Я вернулась в раздевалку и провела там остаток дня, читая книгу, которую мне постоянно приходилось вытирать.
Дома слезы вдруг закончились. А вечером мама сообщила, что в прачечную «Подснежник» позвонили из школы и попросили ее связаться с ними. И как раз этого-то ей и не хватало.
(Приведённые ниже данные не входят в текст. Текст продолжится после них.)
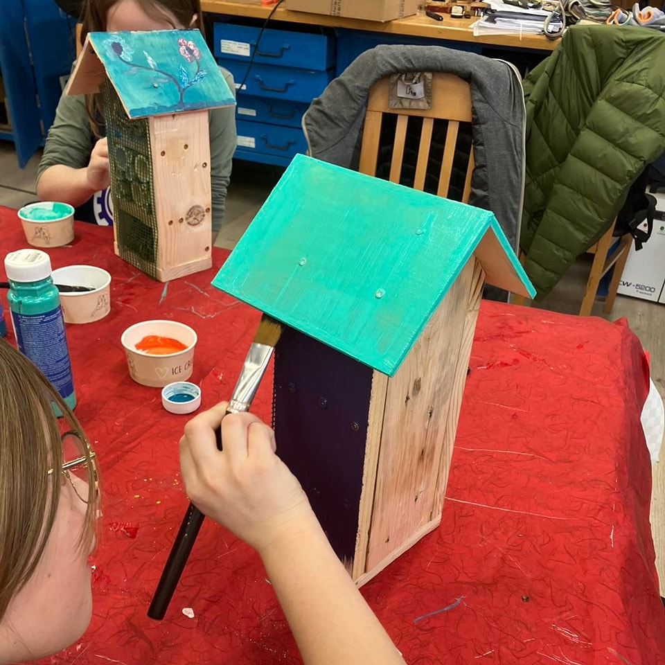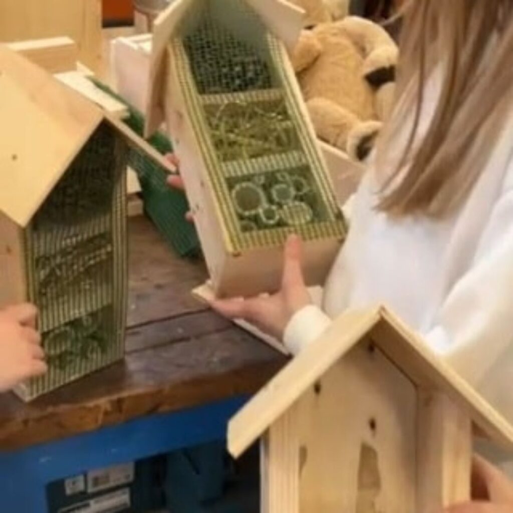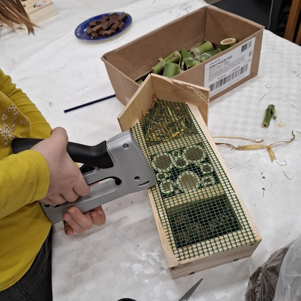Učenci so v prvem delu delavnice spoznali osnove dela z lesom. Sami so sestavili lesene konstrukcije, jih vrtali, zabijali žeblje in tako iz surovih materialov ustvarili okvirje za bodoče hotele. V drugem delu so te domove za žuželke pobarvali v živahne, pisane barve, jih napolnili z naravnimi materiali, kot so slama, storži in bambus, ter zaključili z zaščitno mrežo, ki bo nudila varnost novim prebivalcem.

Ближе к вечеру она позвонила в школу и поговорила с директором.
– И что она сказала? – спросила я, сгорая от стыда.
– Она сказала, что ты весь день была расстроена и не говорила почему, – раздраженно ответила мама.
– Я не была расстроена, и я сказала им, что не расстроена.
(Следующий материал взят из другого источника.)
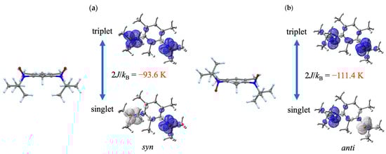 - Shultz, D.A.; Fico, R.M.; Lee, H.; Kampf, J.W.; Kirschbaum, K.; Pinkerton, A.A.; Boyle, P.D. Mechanisms of exchange modulation in trimethylenemethane-type biradicals: The roles of conformation and spin density. J. Am. Chem. Soc. 2003, 125, 15426–15432. [Google Scholar] [CrossRef]

Разговор продолжался в таком духе некоторое время. Не буду утомлять вас подробностями. Я поведала маме всю историю, начав с начала, то есть с груза, который на меня давит.
– Когда я проснулась, на меня давил какой-то груз.
– О, груз, – сказала мама, мигом все поняв, – это свинья.
– Свинья? – спросила я.
– Груз весом примерно со свинью, да?
– Да, молодую, – согласилась я, – молодую свинью.
– Свинья приходит, когда тебя все достало. Она приходит рано утром и приковывает тебя к постели.
– Зачем? – спросила я.
– Чтобы ты подумала, поплакала и раскрыла глаза; свинья приходит, чтобы помочь, так что встречай ее со всей душой, и тогда она уйдет.
– Но почему свинья? – спросила я.
– Свинья куда лучше, чем безликий мешок зерна, правда?
Мама рассказала о своих встречах со свиньей и о том, как свинья ей помогла, и добавила, что она очень гордится тем, как я обошлась со свиньей.
Как бы то ни было, с тех пор свинья навестила меня еще только раз. И я встретила ее со всей душой и носила ее на себе, пока она не засобиралась обратно в свой свинарник.
Следующим после дня свиньи утром мама сказала, что я могу не ходить в школу, дабы восстановиться, и провести день вместе с ней в фургоне. Это была приятная смесь восхитительного, отвратительного и раздражающего.
Мне пришлось делить переднее сиденье с маминым помощником Дино, от которого пахло кислым молоком, а на шее у него был противный прыщ. Мама никогда не закрывала до конца раздвижную дверь, Дино тоже, так они и катались по городу с приоткрытой дверью.
Они забегали то туда, то сюда, прижимая к себе рулоны полотенец, заскакивали во дворы, гаражи и пабы, проскальзывали в магазины, кинотеатры, клубы и офисы через черный вход вместе с рулонными полотенцами, ковриками и кухонными полотенцами. Они вежливо разговаривали с инспекторами дорожного движения и другими водителями фургонов. Они чинили покосившиеся раздатчики полотенец, на самых вонючих объектах натягивая на лицо свитер. И они подпевали радио, и ели кукурузные початки с сыром, и пили газировку из бутылки. Мама была просто чудо. Никогда я не видела ее такой. Такой занятой, и проворной, и вовлеченной.